Yakın dönemde Habertürk gazetesinin kapanması bir kez daha gösterdi ki geleneksel medya düzeni hızla değişiyor. Her ne kadar gazetelerin başındaki geleneksel ekolü temsil eden genel yayın yönetmenleri dirense de değişim kaçınılmaz.
Yazının başında bir tespit yaparak devam etmek istiyorum. Daha önce de dile getirdiğim gibi maalesef ülkemizde dijital medyanın nereye gittiği, ne kadar etkili olduğu ve nereye evrileceği ile ilgili bir vizyon yok.
Dijital platformlarda haber üretim aşamaları televizyon ve gazeteden çok farklı. Bir kere daha nitelikli bilgisayar ve grafik bilgisine ihtiyaç var. Doğru görsel materyal kullanmak için de donanım gerekiyor. Tabii tüm bunların yanında kaliteli habercilere ihtiyaç var.
Bu özelliklere sahip haberciler artık televizyon ve gazetelerde çalışan habercilerden daha iyi bir maaş alma şansları var. Daha düne kadar ciddiye alınmayan dijital medya artık haberciler için çok daha cazip.
Dünyanın en etkili medya kuruluşları uzun zamandır tüm planlarını ve projeksiyonlarını dijital platformlarına göre yapıyor. Doğru da yapıyorlar. Çünkü artık her şeyi, her an yanımızda bulundurduğumuz akıllı telefonlarımızdan takip ediyoruz. Telefonlarımızdan ulaşamayacağımız haber ya da bilgi yok. Dünyanın herhangi bir yerinde yaşanan bir gelişme anında telefonlarımıza haber olarak düşüyor.
Sosyal medya baskısı…
Sosyal medya uzun süredir ciddi bir baskı aracına dönüştü ülkemizde. Özellikle toplumun ortak ‘bam teli’ konularında çok hızlı organize olunuyor. Son dönemdeki küçük çocukların kaçırılması ya da öldürülmesi… Hayvanlara yapılan insanlık dışı işkenceler… Toplumu en can alıcı yerinden yakalayan sosyal medya kullanıcıları ortak hareket ederek kamuoyu oluşturmayı başarıyor.
Ancak sosyal medya üzerinden orantısız bir baskı kurulunca bu kez yargı mercileri de bocalıyor. Hukuken ceza gerektirmeyen durumlarda bile yükselen tansiyonu düşürmek için karar alınabiliyor. Deyim yerindeyse toplumun gazı alınıyor.

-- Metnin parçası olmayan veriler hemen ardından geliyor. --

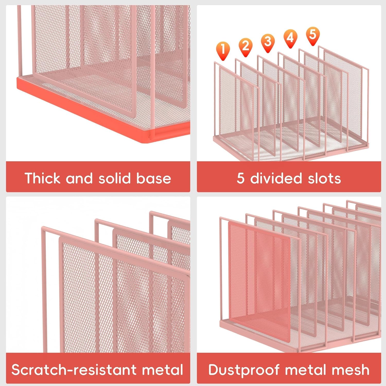 - [High Quality & Durability] The sturdy metal frame and durable steel mesh provide support and stability no matter how many items you put on this vertical file holder. The high-quality powder coat helps resist chipping or scratching, protect your desktop while still beautiful.

Tıpkı Sakarya’da ayakları biçilmiş köpek olayında olduğu gibi. Sosyal medyadaki görüntülere duyarsız kalmak mümkün değildi. Bu görüntüyü izleyen herkes doğal olarak bunu yapan kişi ya da kişilerin cezalandırılmasını istiyordu. Sosyal medyada tepkiler bir anda çığ gibi büyüdü. Tepkiler sürerken yurdun dört bir yanından hayvanlara işkence haberleri gelmeye başladı.
Emniyet ve savcılık makamı hemen harekete geçti. Olayın faili olduğu söylenen bir kepçe operatörü gözaltına alındı. Operatör, ifadesi sırasında olayın kaza sonucu yaşandığını ısrarla söyledi. Olay yerindeki kamera kayıtları da kepçe operatörünün söylediklerini doğruluyordu. Ancak buna rağmen suçsuz bir insan toplumun gazının alınması adına birkaç gün de olsa haksız yere içerde kaldı. Onun için sosyal medyada bazı olaylara ve durumlara tepki gösterirken daha dikkatli olmakta fayda var.